It’s been 17 years since The Blair Witch Project ushered in a new era of horror with found footage. Despite the many copy cats that would follow, a quickly assembled sequel a year later boldly took the franchise in an unexpected direction with failed results, at least as far as box office was concerned. So it’s not surprising that the latest entry would focus on where the series all began, a found footage story set in the creepy woods of Burkittsville, Maryland.
Opening with a YouTube video of found footage showing a mysterious figure in the infamous house from the first film, James believes this to be his long lost sister Heather, who’d mysteriously disappeared with her two filmmaking cohorts many years ago. He rallies his friends, enlist a few locals as tour guides, and they set off deep into the woods in the vain hope of locating the house, answers, and James’ missing sibling.
Written by Simon Barrett and directed by Adam Wingard, the film takes painstaking measures to retain the Blair Witch essence. As with the first film, hardly any time is wasted introducing us to our cast of mostly unknowns, and then we’re whisked away to the woods where all lore is laid out in campfire tale fashion. Barrett rehashes old mythology while seamlessly weaving in new bits of information for long-time fans.
Even the handheld, shaky cam style is retained from the original. Of course, Wingard keeps things modern with the addition of GoPro cameras and drones, but that jittery, pseudo-documentary technique remains the same. With present day technology it can be frustrating to try and grasp what’s happening on screen as the camera is bouncing all over the place, but there’s no denying that this style continues to lend a frantic tension to the tone of the film.
While longtime fans can expect to see the same iconic imagery and the narrative hits all of the familiar beats, Wingard and Barrett eschews the slower, deliberate pacing of the original for warped speed insanity. Pay close attention to all of the info heavy dialogue in the beginning, because once that’s over, all explanation is tossed aside in favor of unrelenting terror for the characters. As with the original, this group of characters quickly becomes lost. Unlike the original, it quickly becomes clear that this group is being hunted and toyed with. The energy and terror continue to ramp up until it explodes into an exciting final act. Unfortunately, that highly anticipated climatic moment unwittingly feels reminiscent of another modern found footage classic.
Wingard and Barrett have crafted a solid sequel. They build on both The Blair Witch Project and Book of Shadows: Blair Witch 2 while adding their own layers to the story. It retains the core of the original yet improves upon some of the original’s flaws. As with the previous films, don’t look for many answers. A big part of why the legend of the Blair Witch is so terrifying is that it’s shrouded in mystery. Wingard and Barrett only peel back the curtain ever so slightly.

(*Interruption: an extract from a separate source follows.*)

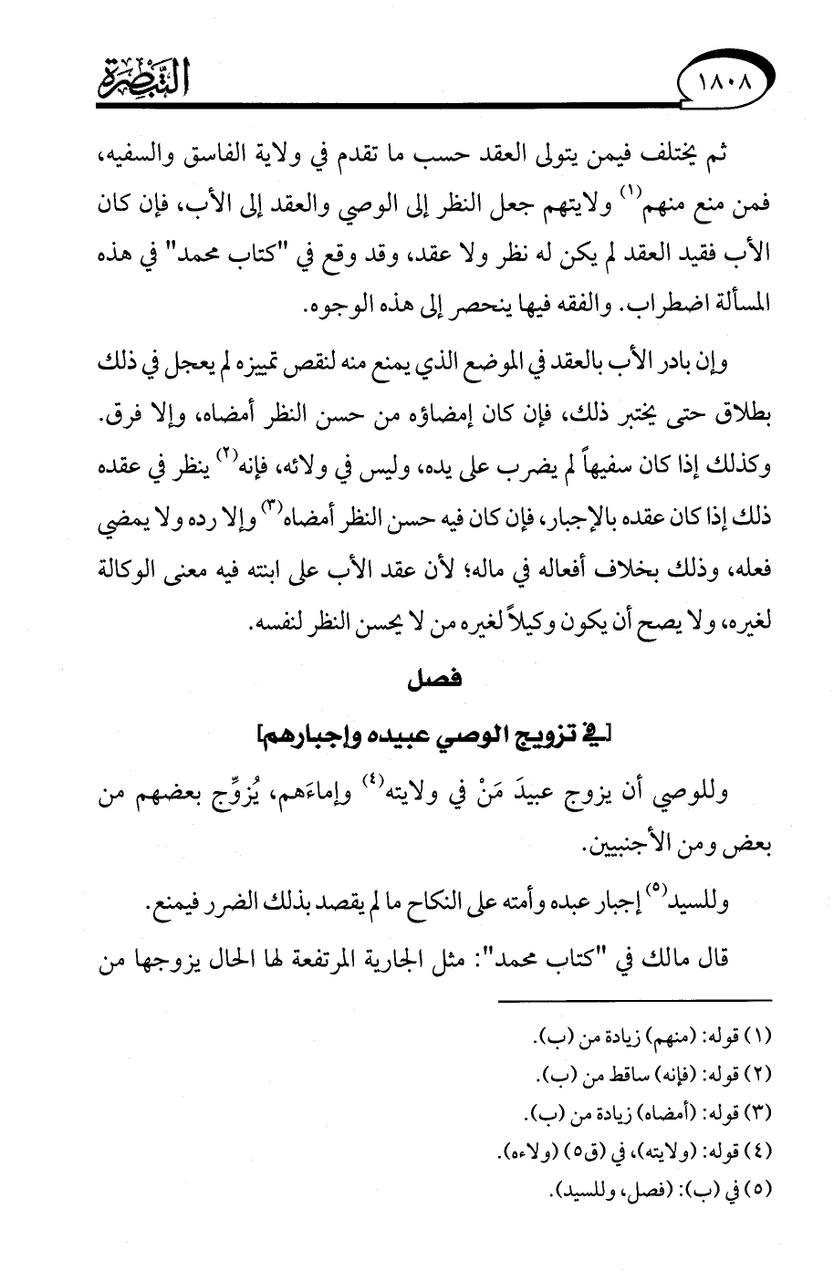 وإن بادر الأب بالعقد في الموضع الذي يمنع منه لنقص تمييزه لم يعجل في ذلك بطلاق حتى يختبر ذلك، فإن كان إمضاؤه من حسن النظر أمضاه، وإلا فرق. وكذلك إذا كان سفيهًا لم يضرب على يده، وليس في ولائه، فإنه (¬2) ينظر في عقده ذلك إذا كان عقده بالإجبار، فإن كان فيه حسن النظر أمضاه (¬3) وإلا رده ولا يمضي فعله، وذلك بخلاف أفعاله في ماله؛ لأن عقد الأب على ابنته فيه معنى الوكالة لغيره، ولا يصح أن يكون وكيلًا لغيره من لا يحسن النظر لنفسه.

The hard truth, though, is that this is not a game changer. Blair Witch isn’t going to redefine the horror genre, especially as it so lovingly pays homage to its predecessors. It’s a well-crafted film and brilliant in terms of a horror sequel. It’s well paced and offers many effective jump scares, but an experienced horror fan won’t likely find this to be everything that the early buzz is promising this film to be. As fun as this film is, the hype train is going to crush it. It’s not going to be the scariest film ever, nor is it perfect. Ignore the hype and leave all expectations at the door. If so, you have a solid horror film on your hands.
Blair Witch will be released in theaters on September 16, 2016.